Optical Caustics as Lagrangian Singularities: Classification and Geometric Structure
Rongqi Shang, Donglin Ma
TL;DR
The paper develops a rigorous symplectic-contact framework for optical phase space, proving that 3D light rays correspond to Reeb orbits in a 5D contact manifold and project to a 4D symplectic phase space. It provides intrinsic, wavefront-based definitions of caustic surfaces as projections of Lagrangian/Legendrian data and delivers explicit expressions for convex-lens caustics. Employing catastrophe theory, it classifies stable caustics in 3D and connects them to Seidel aberrations, establishing precise correspondences with A2, A3, A4, and D4± types.
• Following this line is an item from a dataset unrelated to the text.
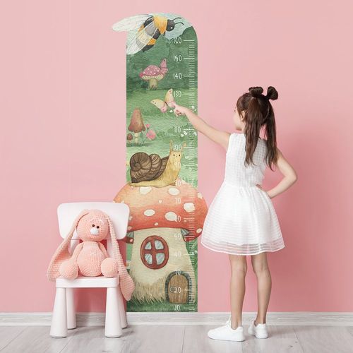 Naklejka Miarka Wzrostu Ślimak DK462 to fantastyczna dekoracja, która doda uroku każdemu pokojowi dziecięcemu. Dzięki wyrazistemu motywowi leśnej krainy, w której znalazł się uroczy ślimak relaksujący się na domku z muchomora, stworzysz niezwykłą atmosferę, sprzyjającą zabawie i rozwojowi Twojego malucha. Wzór został wzbogacony o kolorowe elementy, takie jak pszczoła, motylki i grzyby, co czyni go niezwykle atrakcyjnym dla najmłodszych.
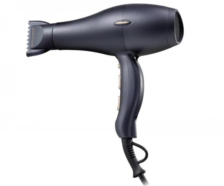 Profesionálny fén na vlasy Bio Ionic GoldPro Speed Dryer disponuje silným motorom s výkonom 2000 W, zaistí tak rýchle a jednoduché vysúšanie vlasov. Vďaka funkcii ionizácie, ktorá udržuje vo vlasoch hydratáciu, eliminuje krepatenie vlasov a poletovanie vplyvom statickej elektriny, je vysúšanie vlasov s týmto fénom tiež šetrné. Obsah 24K zlata v materiáloch tela fénu zaisťuje konštantné a rovnomerné rozloženie tepla, zatiaľ čo keramický komplex vlasy hydratuje a dodáva im lesk a zdravý vzhľad. Vďaka tlačidlám na vnútornej strane rukoväte je možné fén nastaviť až na tri možnosti teploty vzduchu a dve možnosti rýchlosti vzduchu. Nechýba ani samostatné tlačidlo studeného vzduchu na zafixovanie účesu. Jeho nízka hmotnosť (480 g) a kábel s dĺžkou 2,7 metrov uľahčujú manipuláciu. Balenie obsahuje širokú a úzku vzduchovú trysku.

Building on this, the authors propose Topological Optical Correction (TOC), a topology-aware optimization strategy that navigates bifurcation sets in Zernike control space to robustly reduce high-order aberrations and manage caustic structures, with implications for high-precision optics and adaptive systems.
Abstract
This paper develops a rigorous mathematical framework for light propagation by constructing the optical phase space with its symplectic structure and the extended phase space with its contact structure. We prove that light rays in three-dimensional Euclidean space correspond to Reeb orbits in a five-dimensional contact manifold, which are then projected onto a four-dimensional symplectic manifold via symplectic reduction. Leveraging the advantages of phase space, we provide a rigorous definition of caustic surfaces as singularities of the Lagrangian submanifold projection and derive explicit expressions for caustic surfaces in convex lens systems. Furthermore, based on singularity theory, we present a complete classification of stable caustic surfaces and establish a correspondence with classical Seidel aberration theory. Building upon this theory, we propose a method of \emph{topological optical correction} that overcomes the limitations of traditional optimization algorithms in dealing with complex caustic structures. This work provides a new mathematical paradigm for the design and correction of high-precision optical systems.